Joseph Bullman is an English documentary and drama director, known for his political films, including factual dramas Killed By My Debt (2018), The Left Behind (2019) and Life and Death in the Warehouse (2022), and documentaries The Man Who Bought Mustique (2000), The Seven Sins of England (2007) and The Secret History of Our Streets (2012–14). Bullman's films have received six BAFTA nominations.

== Career ==
The Man Who Bought Mustique (2000), about Lord Glenconner, an English lord, was nominated for BAFTA and Royal Television Society (RTS) awards and was a favourite of David Bowie.

England is Mine/Dogumentary (2002), made with Lars von Trier's Dogme 95 movement, is a film about an English football hooligan finding love and redemption at the 2002 FIFA World Cup in Japan.

The Seven Sins of England (2007), shot in Bullman's home town, filmed modern day binge drinkers and hooligans delivering the real words of Edwardian yobs, 12th century binge drinkers and Victorian louts. It was BAFTA-nominated and won the Grierson Innovation Award and a RTS Award.
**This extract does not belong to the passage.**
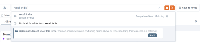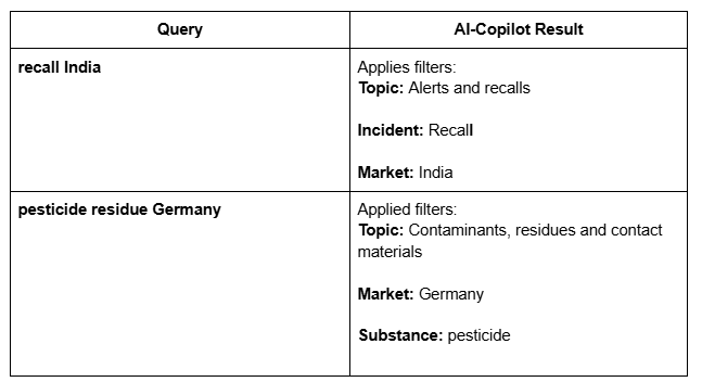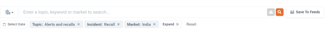 For example, if you enter “recall India” and click the AI-Copilot button, Digicomply will automatically apply the following filters:

Each episode of The Secret History of Our Streets (2012–14) depicted the history of a single London street. It was BAFTA-nominated and won a RTS award for the Best History Series and the Grierson Audience Award.

In 2018 Bullman turned to scripted drama, dramatising real life stories. His first drama, Killed by my Debt (2018), was the true story of Jerome Rogers, a young gig economy worker, who, overwhelmed by the pressure of debt arising from two traffic fines, took his own life. The film led to a national campaign and calls for reform in the UK Parliament. It won the BAFTA and RTS awards for Best Single Drama, and Broadcast awards for Best Single Drama, Best Digital Drama and Best Multichannel Drama. Bullman dedicated the BAFTA to Rogers' family who campaigned for a change to the law.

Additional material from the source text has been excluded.